Each line of the records below needs repeating exactly. Skip the pictures.

(Records excerpted from a collection)
● ● ●

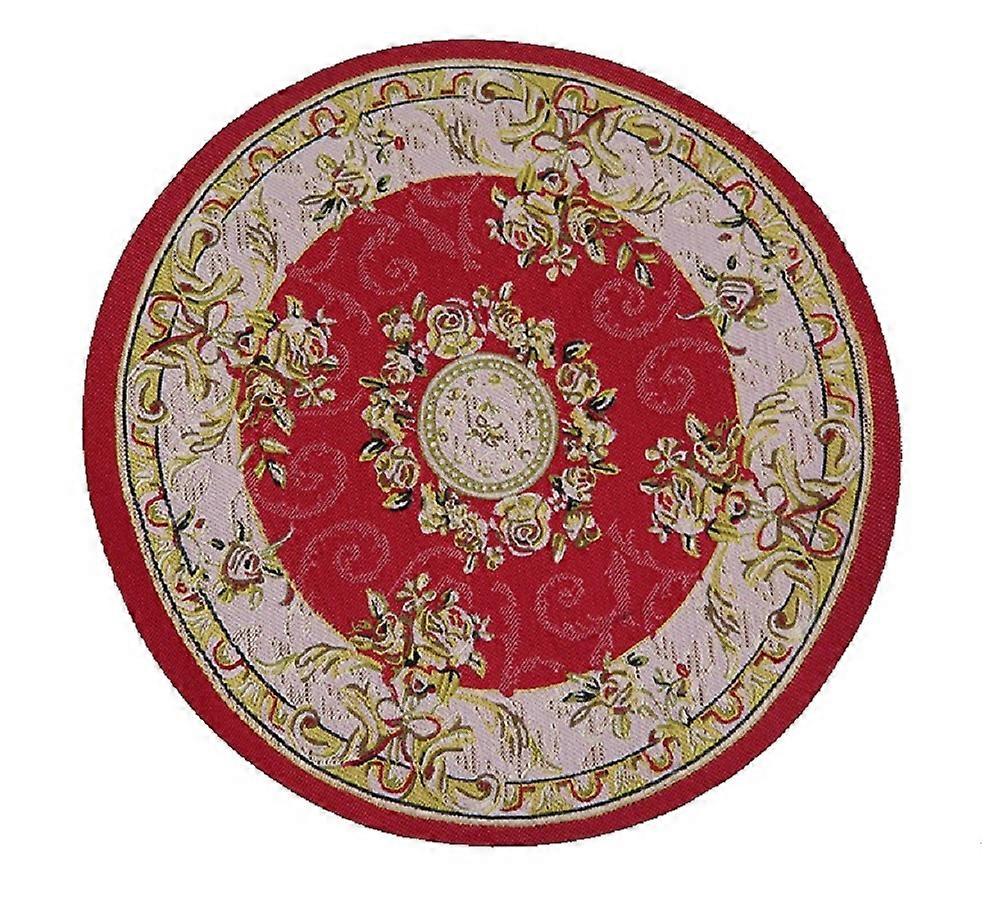 Dolls House Red Beige Circular Rug Miniature Round Turkish Woven Carpet
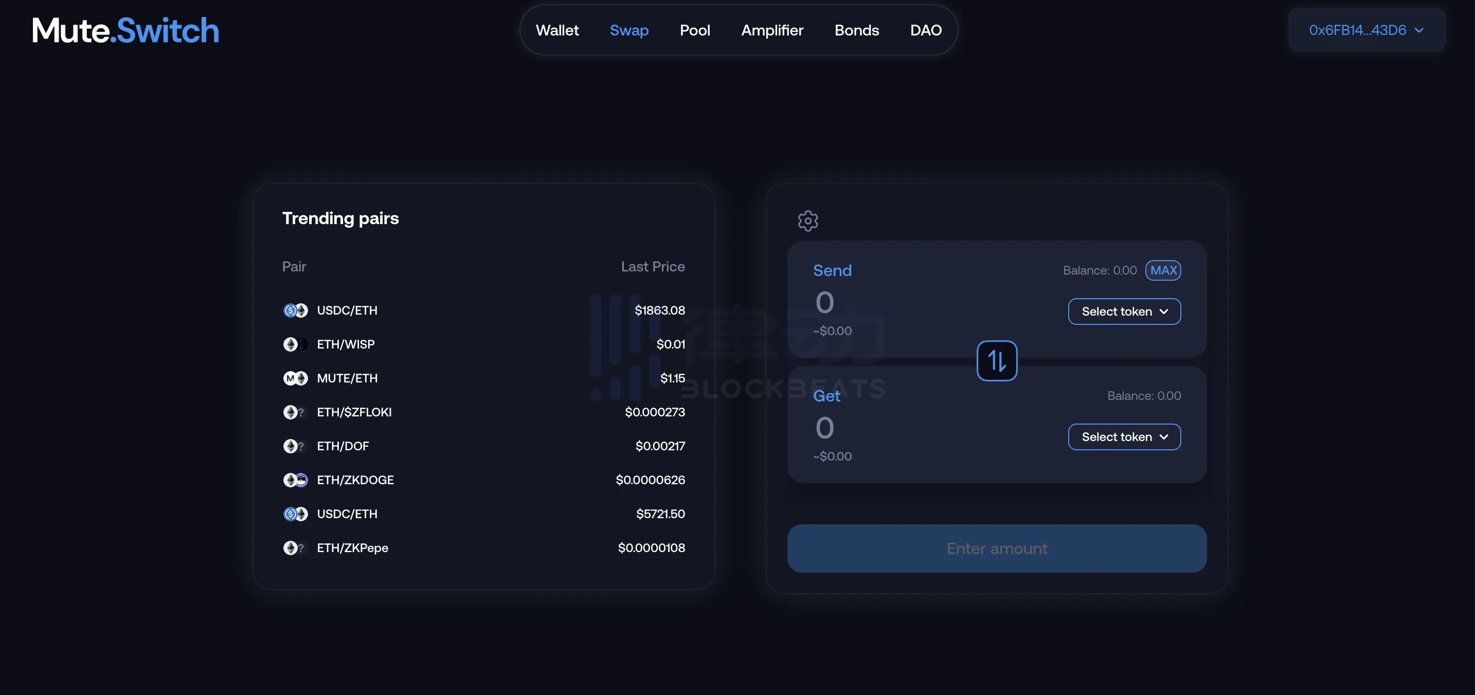 Mute.io is a DeFi platform that builds liquidity for all zkSync Era ecological protocols, and its Dapp is Mute Switch, an AMM DEX w/limit order book, mining and bond platform. Mute is a solution to the zkSync Era protocol that properly incentivizes liquidity for its own use case. TVL is about 13.31 million US dollars; the interface is simple and easy to operate, up to 8 points; Swap: supports 11 kinds of tokens, and the Gas is 1.8 dollars. The APY on Pool is between 14% -71%. Of course, some high APYs come from some unknown token and WETH pairs; social media was created in March 2018, with about 62,000 followers.
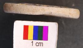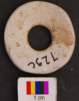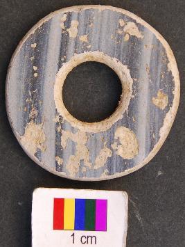 | Description / विवरण | It is circular terracotta disc with a larget perforation in the central part. Its edges as well as perforation are grind. The perforation has a damru shaped section. It was perhaps used as a net sinker. |
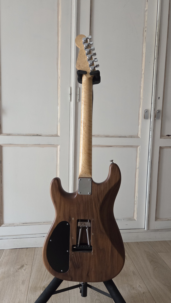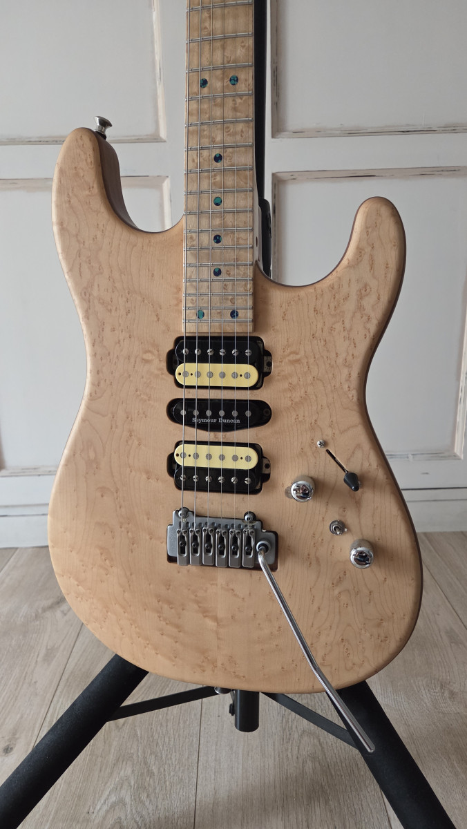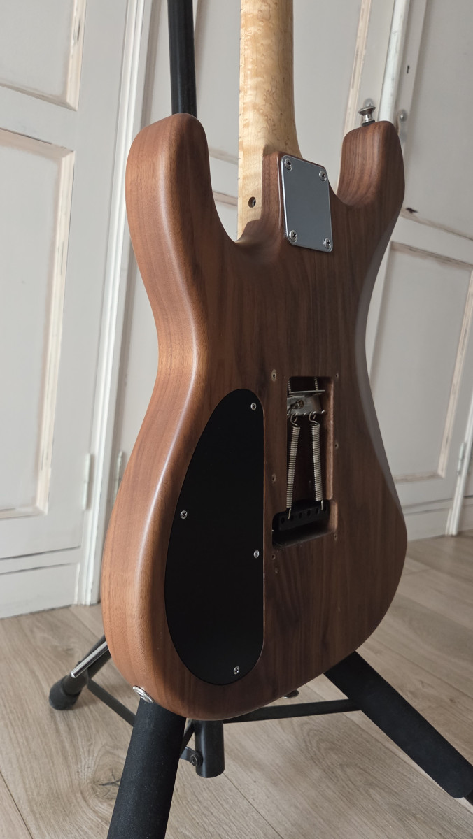 El cuerpo es de madera de nogal con tapa de arce de ojo de pájaro, y el acabado es satinado.
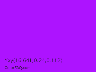 Yxy 16.641,0.24,0.112 Color is a normal purple color and the nearest color is Vivid Violet #9f00ff. Hex code #ad13ff and RGB value is rgb(173,19,255). In RGB color space, this color is composed of 68% red, 7% green, 100% blue, In CMYK color space, this color is composed of 32% cyan, 93% magenta, 0% yellow , 0% black , In HSL color space, this color has a hue angle of 279° , 100% saturation and 54% lightness.
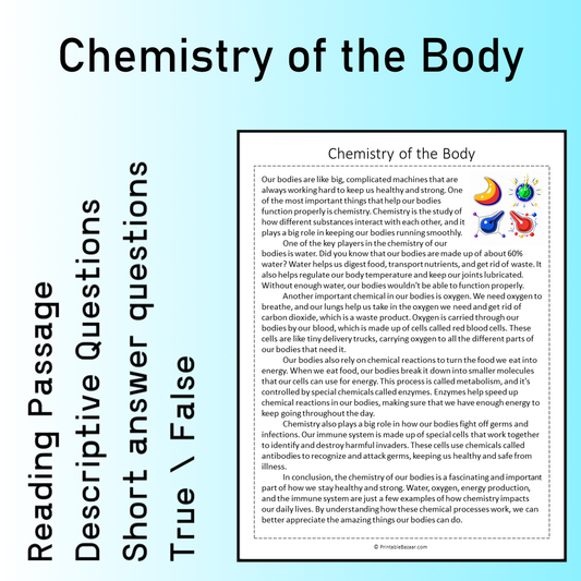 Chemistry of the Body | Reading Comprehension Passage Printable Worksheet

● ● ●

Solution below |
 Dolls House Red Beige Circular Rug Miniature Round Turkish Woven Carpet
 Mute.io is a DeFi platform that builds liquidity for all zkSync Era ecological protocols, and its Dapp is Mute Switch, an AMM DEX w/limit order book, mining and bond platform. Mute is a solution to the zkSync Era protocol that properly incentivizes liquidity for its own use case. TVL is about 13.31 million US dollars; the interface is simple and easy to operate, up to 8 points; Swap: supports 11 kinds of tokens, and the Gas is 1.8 dollars. The APY on Pool is between 14% -71%. Of course, some high APYs come from some unknown token and WETH pairs; social media was created in March 2018, with about 62,000 followers.
 | Description / विवरण | It is circular terracotta disc with a larget perforation in the central part. Its edges as well as perforation are grind. The perforation has a damru shaped section. It was perhaps used as a net sinker. |
 El cuerpo es de madera de nogal con tapa de arce de ojo de pájaro, y el acabado es satinado.
 Yxy 16.641,0.24,0.112 Color is a normal purple color and the nearest color is Vivid Violet #9f00ff. Hex code #ad13ff and RGB value is rgb(173,19,255). In RGB color space, this color is composed of 68% red, 7% green, 100% blue, In CMYK color space, this color is composed of 32% cyan, 93% magenta, 0% yellow , 0% black , In HSL color space, this color has a hue angle of 279° , 100% saturation and 54% lightness.
 Chemistry of the Body | Reading Comprehension Passage Printable Worksheet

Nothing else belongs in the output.